» AIM OF THE EXERCISE
Please make an exact copy of the listing, without the pictures.
Top of PROVIDED RECORDS
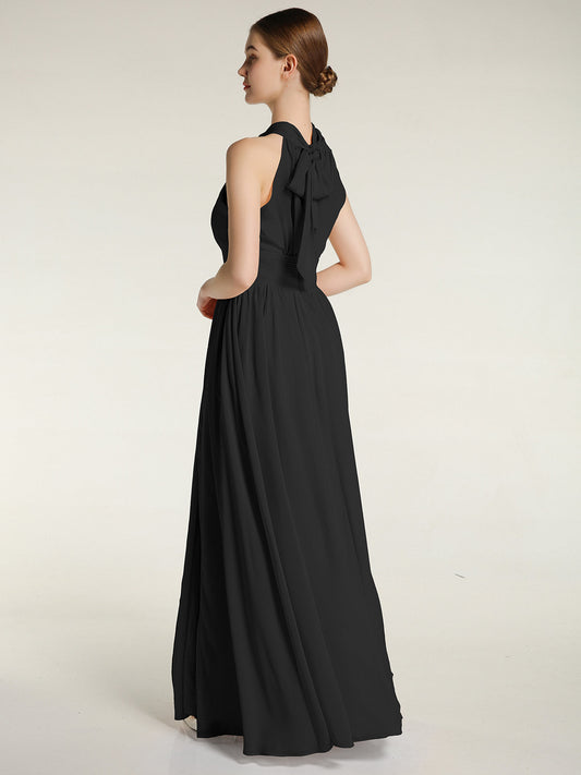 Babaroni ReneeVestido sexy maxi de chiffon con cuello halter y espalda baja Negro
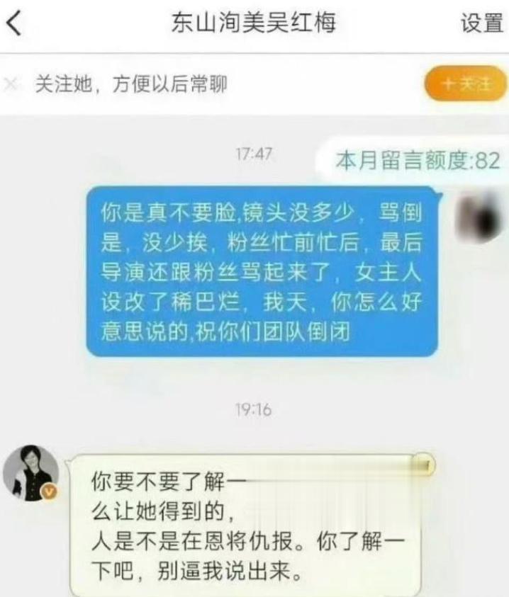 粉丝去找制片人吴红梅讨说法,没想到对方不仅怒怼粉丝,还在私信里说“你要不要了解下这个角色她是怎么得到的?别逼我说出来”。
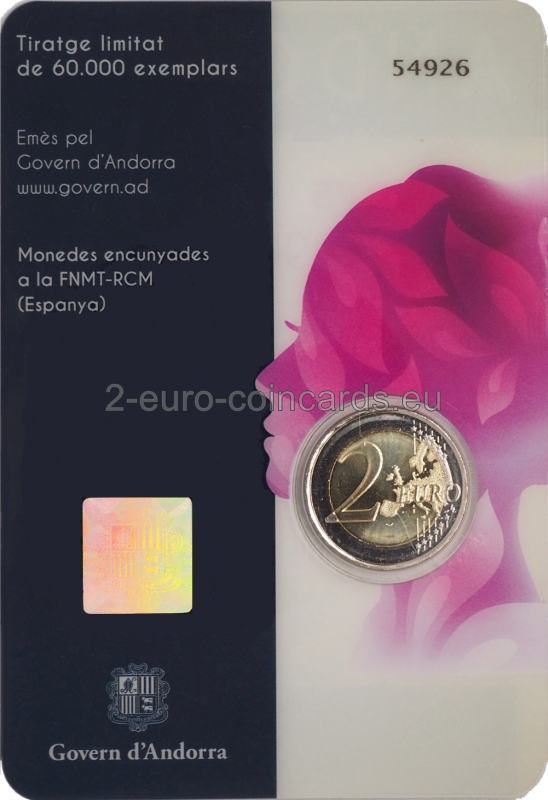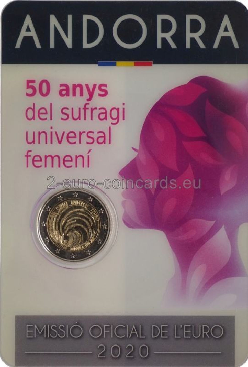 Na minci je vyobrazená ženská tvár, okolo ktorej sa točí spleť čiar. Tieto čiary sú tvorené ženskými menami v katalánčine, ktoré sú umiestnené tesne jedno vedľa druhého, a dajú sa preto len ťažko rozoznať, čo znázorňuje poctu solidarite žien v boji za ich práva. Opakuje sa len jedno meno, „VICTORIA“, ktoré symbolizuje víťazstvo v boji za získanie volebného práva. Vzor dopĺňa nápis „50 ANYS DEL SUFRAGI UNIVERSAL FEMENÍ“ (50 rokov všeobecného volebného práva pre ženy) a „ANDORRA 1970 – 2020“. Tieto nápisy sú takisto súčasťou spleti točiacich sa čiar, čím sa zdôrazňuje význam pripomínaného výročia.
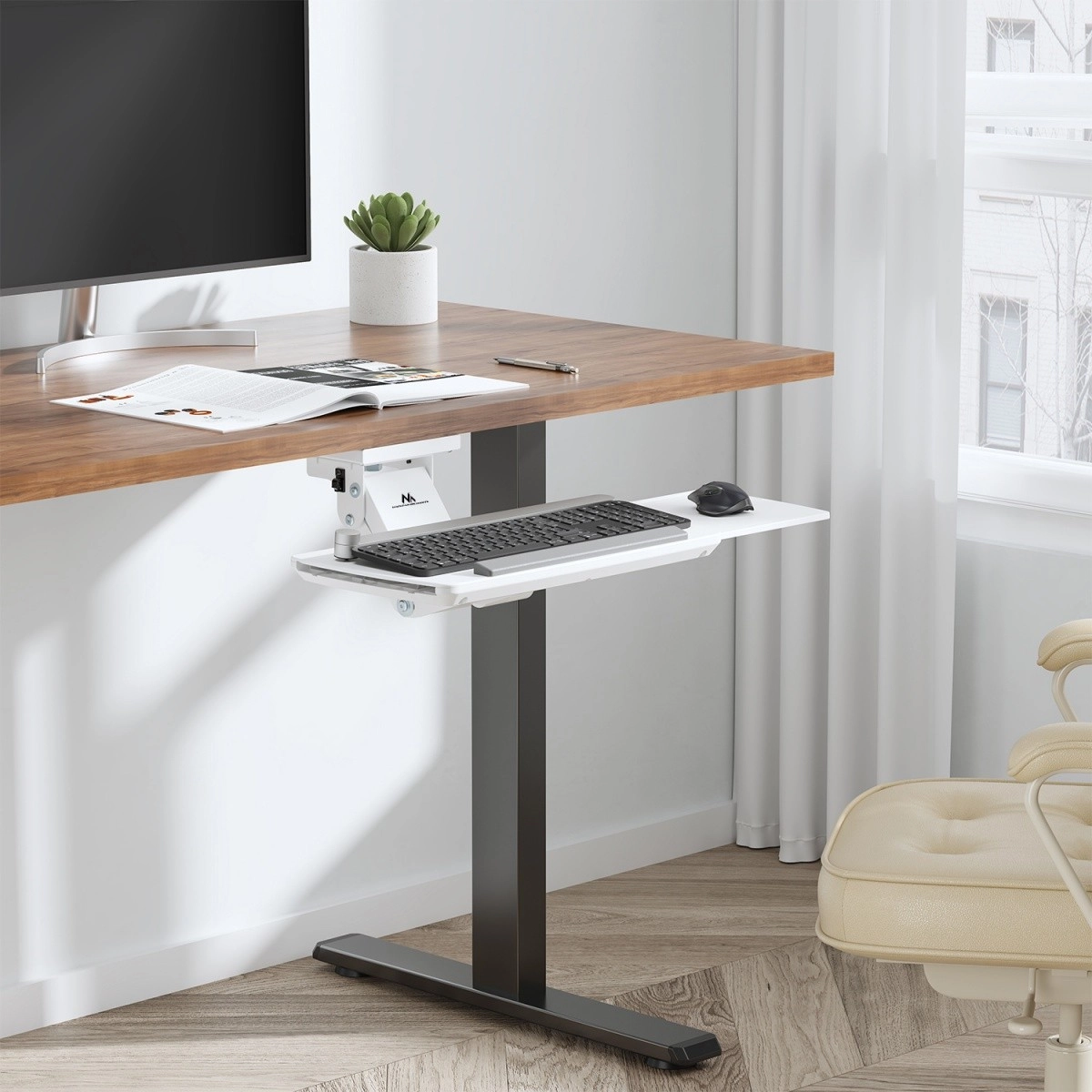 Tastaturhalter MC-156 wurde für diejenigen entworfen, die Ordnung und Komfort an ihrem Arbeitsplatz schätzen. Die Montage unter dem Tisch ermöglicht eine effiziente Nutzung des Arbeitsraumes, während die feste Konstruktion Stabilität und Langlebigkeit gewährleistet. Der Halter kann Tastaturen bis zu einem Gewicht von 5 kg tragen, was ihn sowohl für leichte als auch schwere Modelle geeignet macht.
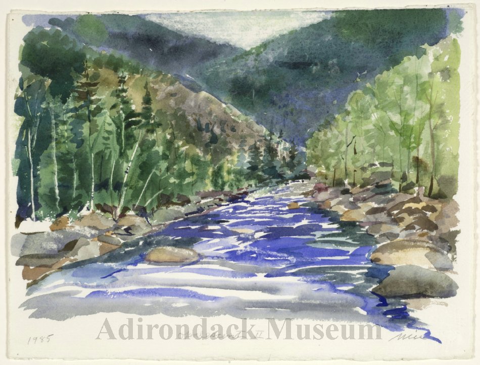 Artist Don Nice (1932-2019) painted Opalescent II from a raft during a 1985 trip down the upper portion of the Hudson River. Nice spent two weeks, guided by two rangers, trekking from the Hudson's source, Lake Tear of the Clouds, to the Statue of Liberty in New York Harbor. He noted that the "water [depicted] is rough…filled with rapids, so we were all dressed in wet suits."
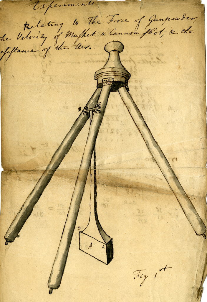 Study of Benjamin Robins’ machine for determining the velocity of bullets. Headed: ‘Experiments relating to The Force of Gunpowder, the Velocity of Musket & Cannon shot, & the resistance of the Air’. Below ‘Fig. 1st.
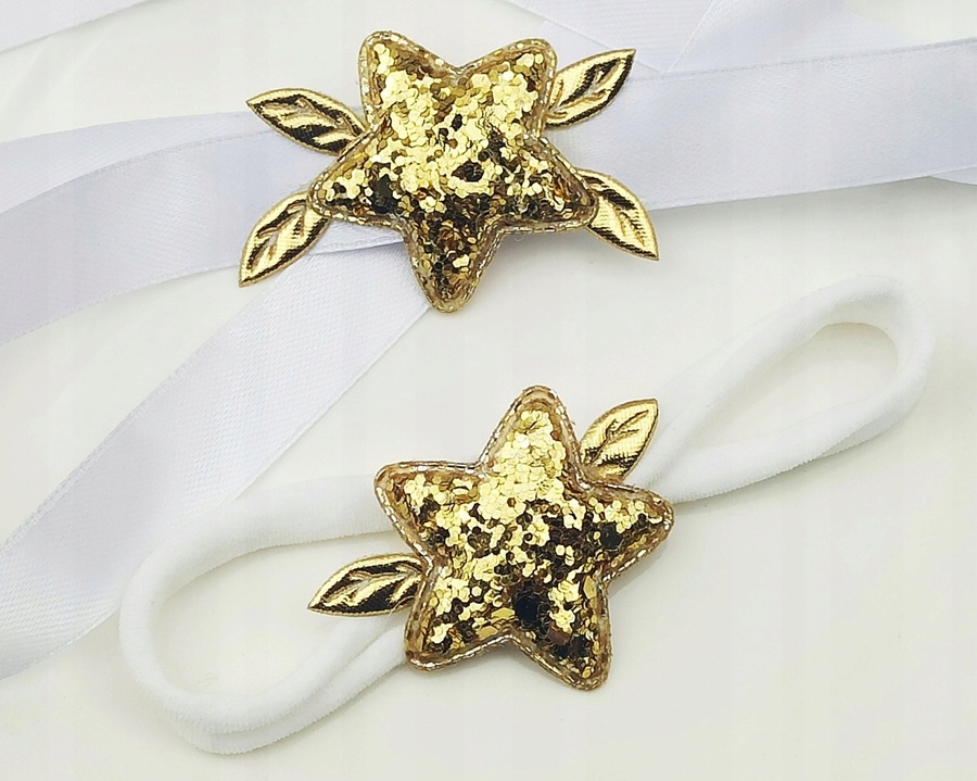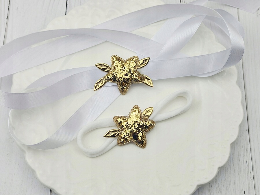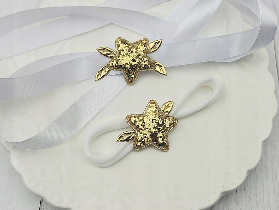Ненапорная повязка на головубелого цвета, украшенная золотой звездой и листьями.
Bottom of PROVIDED RECORDS
» ANSWER SPACE
 Babaroni ReneeVestido sexy maxi de chiffon con cuello halter y espalda baja Negro
 粉丝去找制片人吴红梅讨说法,没想到对方不仅怒怼粉丝,还在私信里说“你要不要了解下这个角色她是怎么得到的?别逼我说出来”。
 Na minci je vyobrazená ženská tvár, okolo ktorej sa točí spleť čiar. Tieto čiary sú tvorené ženskými menami v katalánčine, ktoré sú umiestnené tesne jedno vedľa druhého, a dajú sa preto len ťažko rozoznať, čo znázorňuje poctu solidarite žien v boji za ich práva. Opakuje sa len jedno meno, „VICTORIA“, ktoré symbolizuje víťazstvo v boji za získanie volebného práva. Vzor dopĺňa nápis „50 ANYS DEL SUFRAGI UNIVERSAL FEMENÍ“ (50 rokov všeobecného volebného práva pre ženy) a „ANDORRA 1970 – 2020“. Tieto nápisy sú takisto súčasťou spleti točiacich sa čiar, čím sa zdôrazňuje význam pripomínaného výročia.
 Tastaturhalter MC-156 wurde für diejenigen entworfen, die Ordnung und Komfort an ihrem Arbeitsplatz schätzen. Die Montage unter dem Tisch ermöglicht eine effiziente Nutzung des Arbeitsraumes, während die feste Konstruktion Stabilität und Langlebigkeit gewährleistet. Der Halter kann Tastaturen bis zu einem Gewicht von 5 kg tragen, was ihn sowohl für leichte als auch schwere Modelle geeignet macht.
 Artist Don Nice (1932-2019) painted Opalescent II from a raft during a 1985 trip down the upper portion of the Hudson River. Nice spent two weeks, guided by two rangers, trekking from the Hudson's source, Lake Tear of the Clouds, to the Statue of Liberty in New York Harbor. He noted that the "water [depicted] is rough…filled with rapids, so we were all dressed in wet suits."
 Study of Benjamin Robins’ machine for determining the velocity of bullets. Headed: ‘Experiments relating to The Force of Gunpowder, the Velocity of Musket & Cannon shot, & the resistance of the Air’. Below ‘Fig. 1st.
Ненапорная повязка на головубелого цвета, украшенная золотой звездой и листьями.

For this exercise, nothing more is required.